TL;DR
SBAR Communication: Structured handoff: Situation, Background, Assessment, Recommendation.
SBAR Communication
Definition
Structured handoff: Situation, Background, Assessment, Recommendation.
Clinical Significance
For nursing assistants, sbar communication connects to fundamental resident care principles. Residents always retain the right to:
- Right to access personal records and facility survey results
- Right to manage own financial affairs or choose a representative
- Right to make choices about daily routine including when to eat, sleep, bathe, what to wear
Differential Diagnosis
When studying sbar communication, carefully distinguish it from related but distinct concepts: therapeutic communication, documentation cna.

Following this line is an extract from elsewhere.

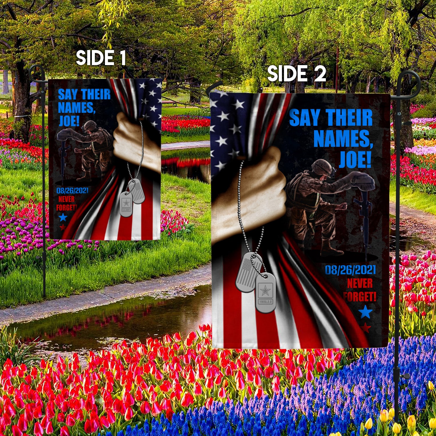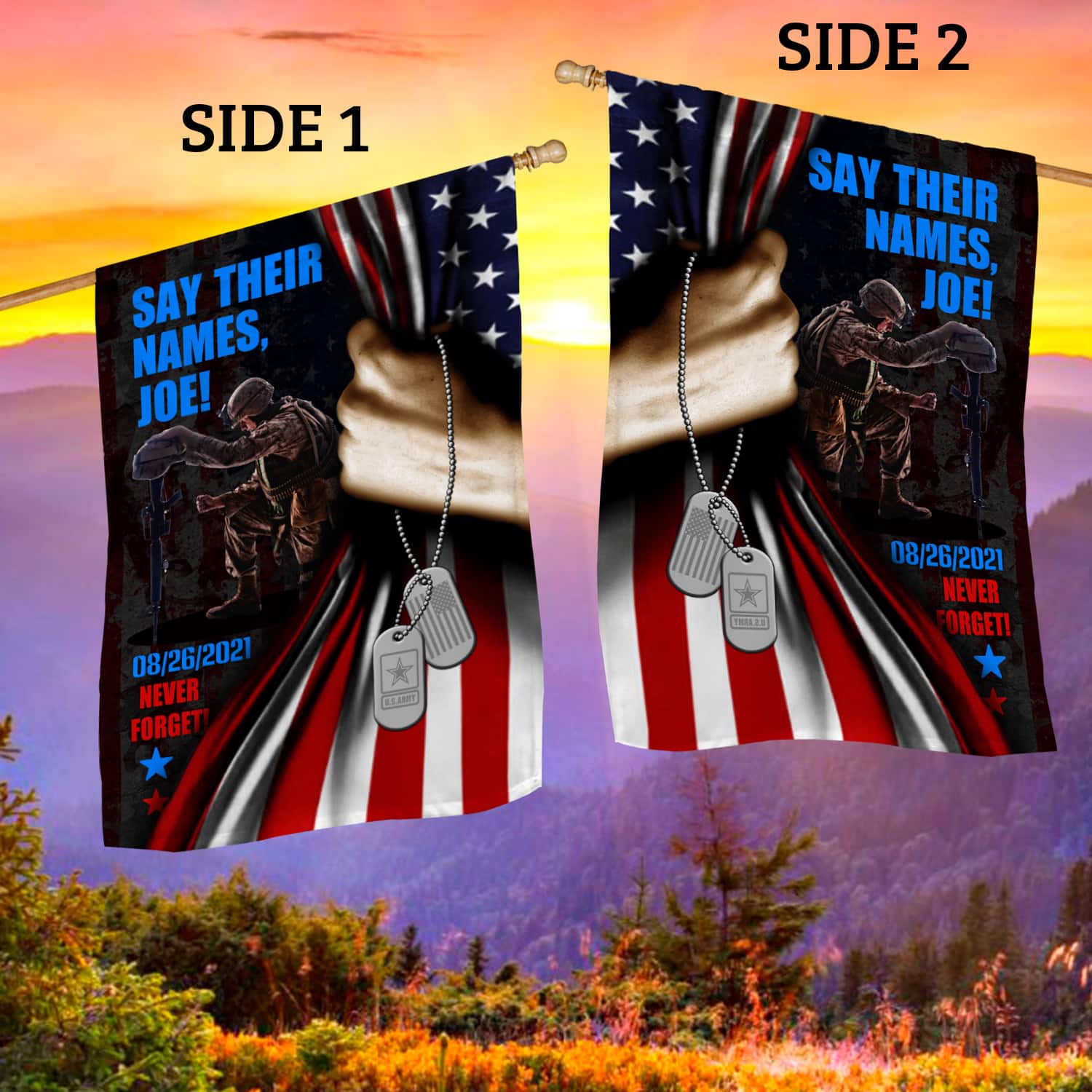 Are you spending too much time to find creative merchandise for you or suitable & special gifts for your mommy, your daddy, your son, your daughter, your children, your friends or someone you love? The struggle is over because we have various Say Their Names Joe Flag, Say Their Names Joe Never Forget 13 Heros Flag, Never Forget 13 Fallen Soldiers Garden Flag, 13 Soldiers Never Forget Kabul Afghanistan Flag, which will make perfect presents for your beloveds. In order to make your present stand out, we have created lots of unique and awesome customized photo gifts & personalized designs.
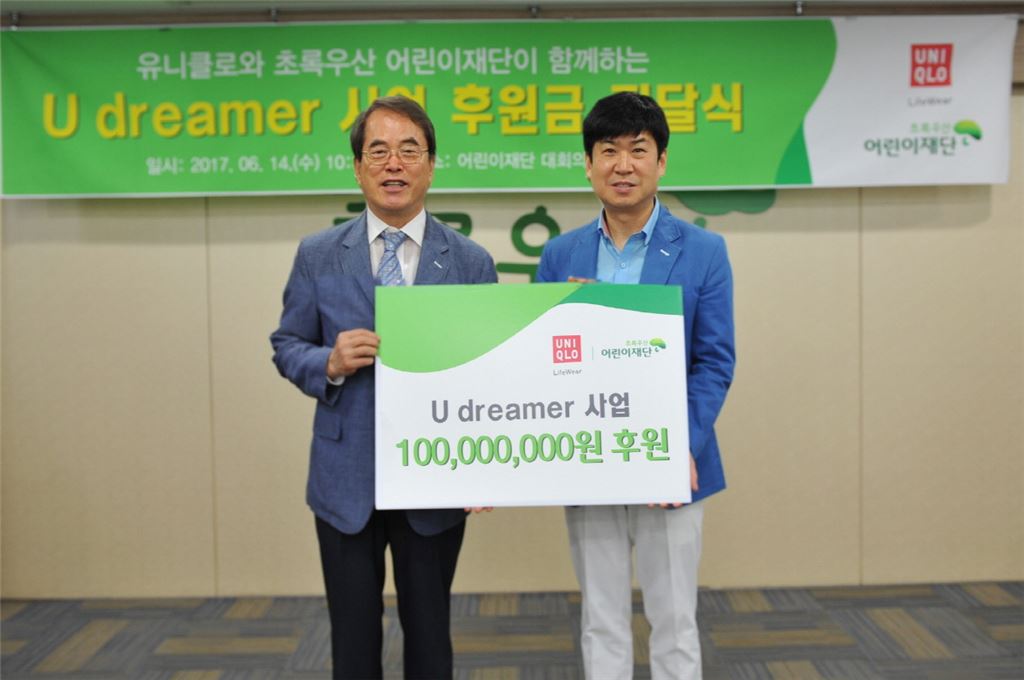 [아시아경제 조호윤 기자]유니클로는 아동복지전문기관 초록우산 어린이재단에 지난 5월 진행된 '유니클로 감사제' 수익금 중 1억원을 기부하고 저소득층 인재를 지원하는 '유 드리머' 사업을 출범한다고 14일 밝혔다. 올해는 감사제 수익금 1억원 기부와 더불어 초록우산 어린이재단과 공동으로 유 드리머 사업을 새롭게 출범했다. 유드리머는 스포츠, 예술, 학업 등 다양한 분야에 재능을 지닌 12명의 아동들을 선발, 경제적 어려움으로 교육이 중단되지 않고 재능계발을 지속할 수 있도록 오는 12월까지 8개월간 1인당 매달 75만원을 지원하는 사업이다. 하반기에는 청소년들에게 꿈과 응원의 메시지를 전하는 '유니클로와 함께 하는 유 드리머 토크콘서트'도 개최할 계획이다.홍성호 에프알엘코리아 유니클로 대표는 "소득에 따른 사교육비 격차가 갈수록 심화되고 복지사각지대에 놓인 아동이 증가하는 등 어느 때보다 아이들을 향한 따뜻한 관심과 도움의 손길이 필요한 실정"이라며 "재능과 실력을 갖춘 어린이 및 청소년이 경제적인 제약없이 자신의 꿈을 펼칠 수 있는 사회를 만들어 나갈 것"이라고 전했다. 조호윤 기자 hodoo@asiae.co.kr<ⓒ세계를 보는 창 경제를 보는 눈, 아시아경제(www.asiae.co.kr) 무단전재 배포금지>

Exam questions often test your ability to select the most specific and appropriate answer when multiple options seem partially correct. Look for the option that most completely addresses the scenario presented.
Troubleshooting
When sbar communication does not go as expected, systematically review each step of the procedure. Check equipment calibration, verify technique, and repeat the measurement if results seem inconsistent with the clinical picture. Report discrepancies to the supervisor rather than guessing at the correct value.
Documentation
CNAs document sbar communication findings by reporting to the nurse and recording in the medical record. Key observations to document:
- Skin observations: color changes, redness over bony prominences, bruising, open areas, edema
- I and O (intake and output): measure and record all fluids consumed and excreted in mL
- Behavioral changes: new confusion, agitation, refusing meals, sleep pattern changes
- Weight changes: report gain/loss of 2+ lbs in a day or 5+ lbs in a week
Calculation Methods
Understanding the numbers behind sbar communication is important for accurate assessment. Vital signs provide objective data: temperature (97.8-99.1 F oral), pulse (60-100 bpm), respirations (12-20/min), and blood pressure (under 120/80 normal). Report any values outside a resident's established baseline to the nurse immediately.
Patient Communication
When communicating with residents about sbar communication:
- For hearing-impaired: face the resident, speak clearly (not louder), reduce background noise
- Active listening: face the resident, maintain eye contact, nod, paraphrase
- Report behavioral changes to the nurse: withdrawal, aggression, crying, confusion
- For cognitively impaired: use simple sentences, one instruction at a time, consistent routine
- Cultural sensitivity: respect food preferences, spiritual practices, family dynamics
Why It Matters
SBAR is the standard communication framework tested on CNA, MA, and EMT exams.